Data Transfer Time can be obtained according to the following formula:
$T(n)=n_{0}+\frac{n}{B}$

In this equation, n is the amount of data (e.g., in bytes), B is the transfer rate (bandwidth) in bytes per second and n 0 is the start-up cost. Actually, bandwidth depends on the transfer size.
However, asymptotic bandwidth is the bandwidth of a system taking into account the infinite number of data communication. Therefore, when $n$ goes to infinity we can easily neglect the effect of $n_{0}$. Eventually, we obtain the following formula for $B$ :

$$
\mathrm{B}=\lim _{n \rightarrow \infty} \frac{n}{T(n)}
$$

Now, we are supposed to find the related message size for reaching half of the peak bandwidth. The easiest way to obtain the message size is using two previous formulas in the following way:

$$
\frac{1}{2} B=\frac{n_{\frac{1}{2}}}{n_{0}+\frac{\frac{1}{2}}{B}}
$$

By solving above equation, we can reach to this equation
$\mathrm{N}_{1 / 2}=\mathrm{Bn}_{0}$
In this question we have:
$\mathrm{T} 0=20000$
$\mathrm{B}=900 \mathrm{MB} / \mathrm{s}$
$n_{\frac{1}{2}}=20,000 \mathrm{~ns} \times 900 \mathrm{MB} / \mathrm{s}=20,000 \times 10^{-9} \times 900 \times 2^{20} \cong 18874.368$ Byte

5- We are going to find the average of elements in grid of ( $n * n$ ). Each element of this grid may be a mathematical expression. Therefore, every element of this grid requires computation. Based on the Amdhal's law compute the speed up of using K processors in these two following situation:
a. Each processor has its own private value for holding the sum.
b. The processors have to use one shared value to keep tracking of the sum. That is, every processor should sum its result to the shared variable of sum.
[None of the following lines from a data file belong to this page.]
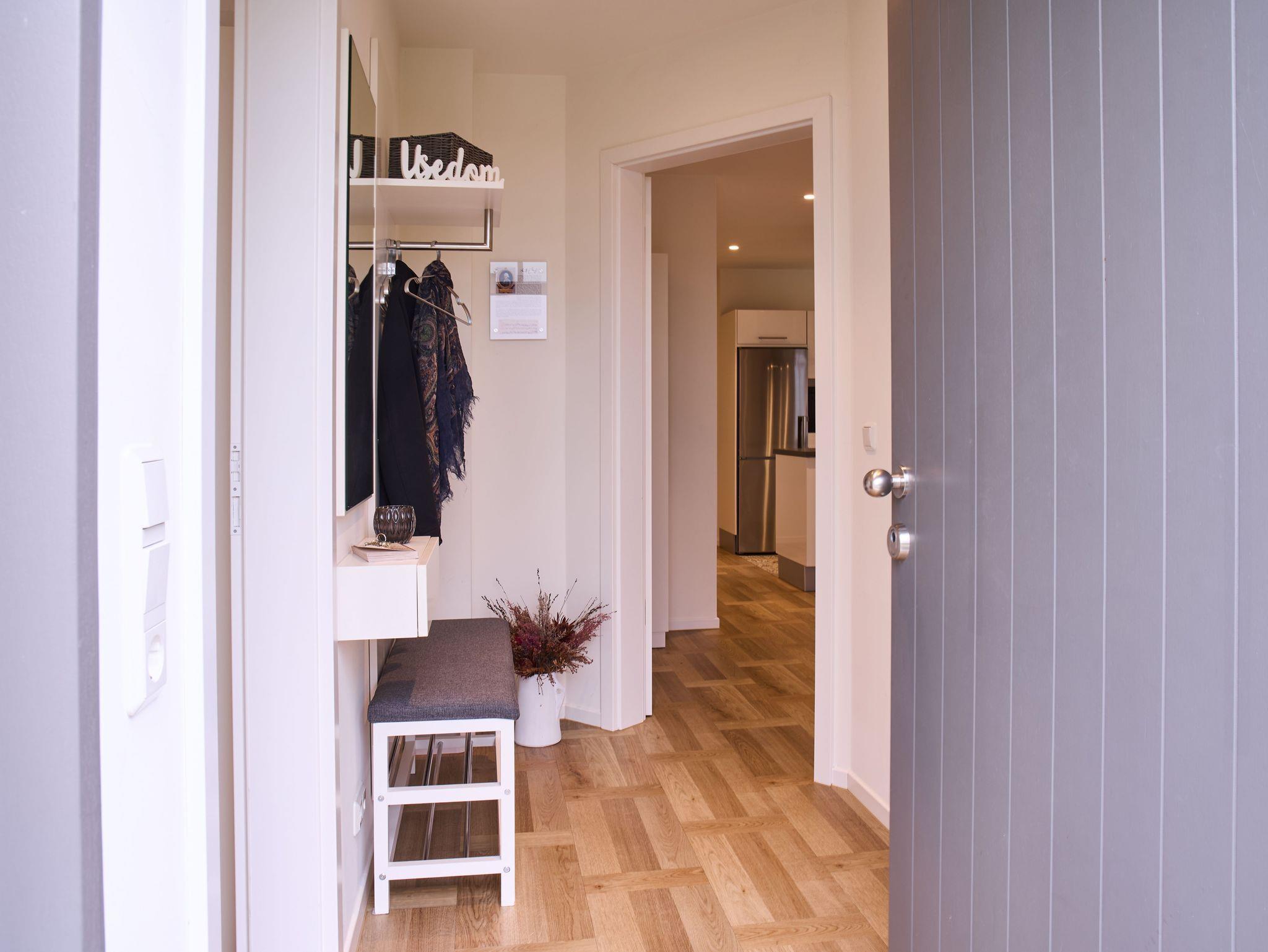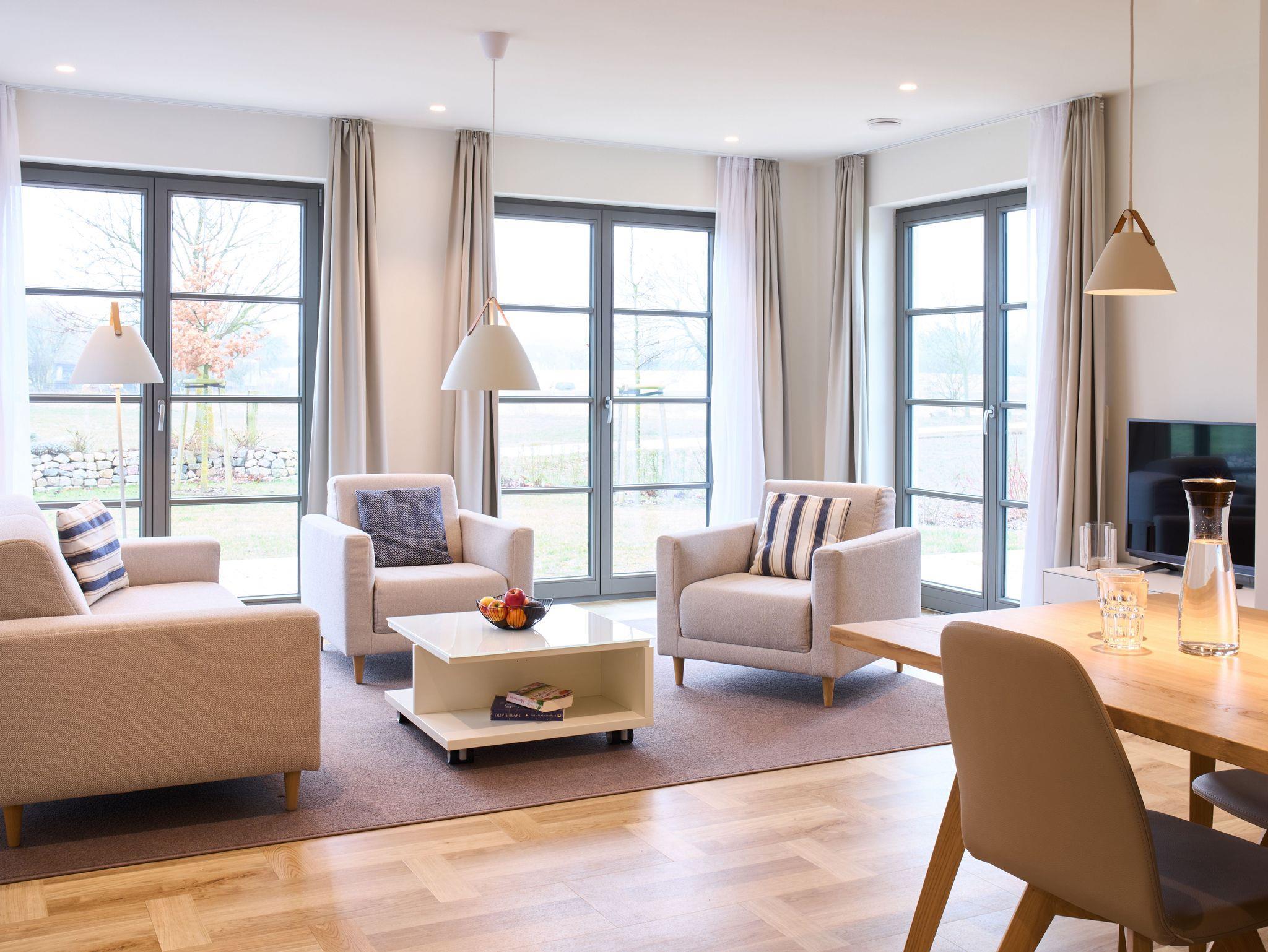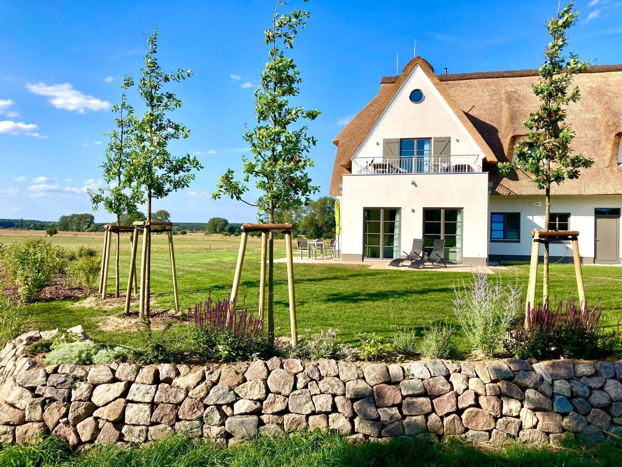 Die Reet gedeckten Häuser wurden in nachhaltiger Holzbauweise errichtet und die Einrichtung ist durch helle sowie freundliche Farben geprägt. Der Blick auf die Haffküste und die umliegende Natur machen Ihren Urlaub einzigartig.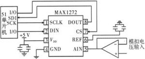 圖4中MAX1272采用了內(nèi)部參考電壓,6腳VREF 和地之間接2.2μF鉭電容和0.1μF陶瓷電容。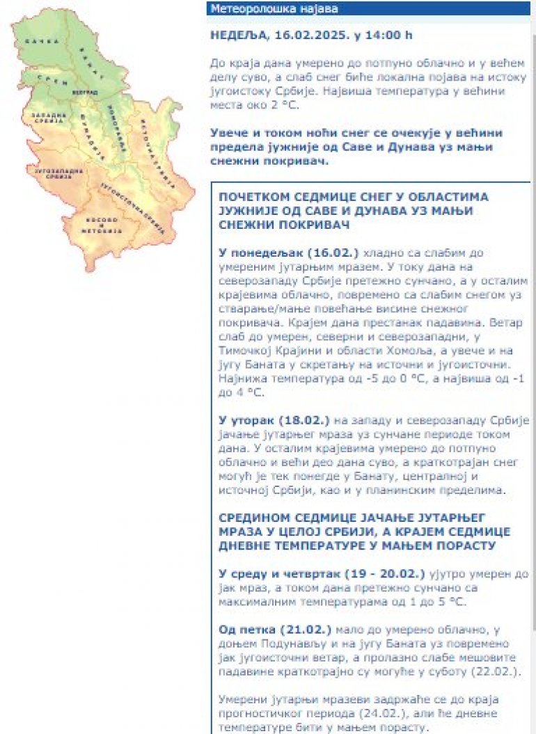 У понедељак (16.02.) хладно са слабим до умереним јутарњим мразем. У току дана на северозападу Србије претежно сунчано, а у осталим крајевима облачно, повремено са слабим снегом уз стварање/мање повећање висине снежног покривача. Крајем дана престанак падавина. Ветар слаб до умерен, северни и северозападни, у Тимочкој Крајини и области Хомоља, а увече и на југу Баната у скретању на источни и југоисточни. Најнижа температура од -5 до 0 °С, а највиша од -1 до 4 °С.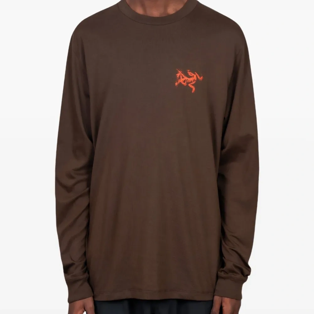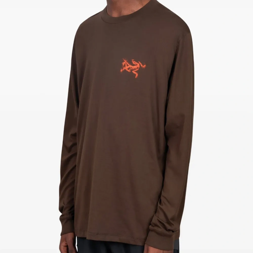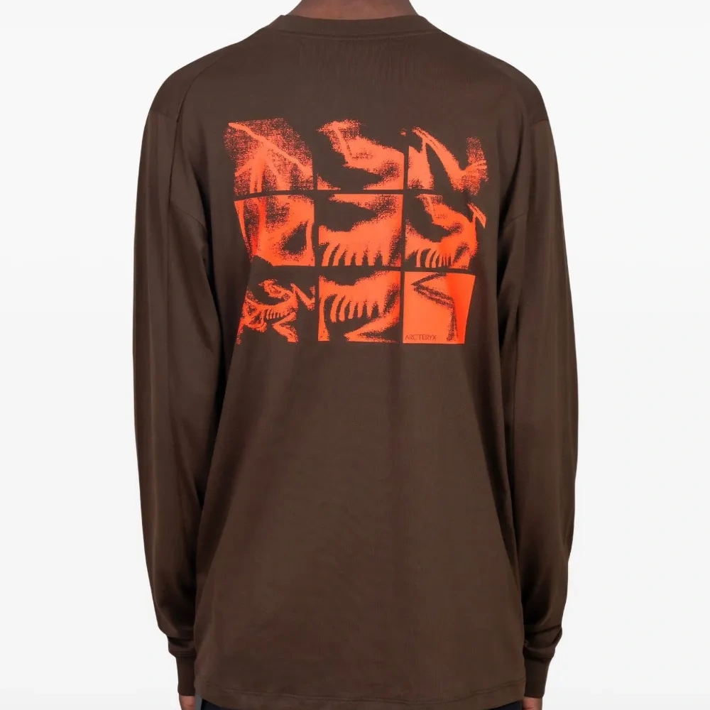 коричневый цвет, графический принт спереди, длинные рукава, круглый вырез, графический принт сзади, ровный край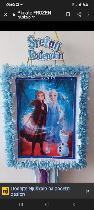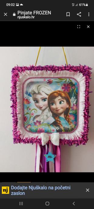 Prodajem pinjate Frozen ⁸sa raznim slikama.Pinjata je na potezanje.Uz pinjatu dobivate I dječje zagonetke za dodatnu zabavu.Cijena 15 €.

In this question you are supposed to figure out the effect of decomposition. Here, we have $n^{2}$ elements and $K$ processors. So each processor could compute $\frac{n^{2}}{K}$ additions. If processors do not have a private variable, they have to add sequentially to the global variable the result of their intermediate additions. Hence, the below equation goes with $T(K)$ :
$T(K)=\frac{n^{2}}{K}+n^{2}+1$; therefore the maximum speedup is limited to :

$$
\lim _{K \rightarrow \infty} \frac{T(1)}{T(K)}=\lim _{k \rightarrow \infty} \frac{2 n^{2}}{\frac{n^{2}}{K}+n^{2}+1}=\frac{2 n^{2}}{n^{2}+1}<2
$$

However, when each processor has a private sum the following formula goes with the speed up of N parallel processors. In this case, processors do not have to use the global sum sequentially. They use our own private sum keeping the result of intermediate additions.
$\lim _{K \rightarrow \infty} \frac{T(1)}{T(K)}=\lim _{k \rightarrow \infty} \frac{2 n^{2}}{\frac{n^{2}}{K}+\frac{n^{2}}{K}+1}=\frac{n^{2}}{\frac{n^{2}}{k}+\frac{1}{2}} \cong k$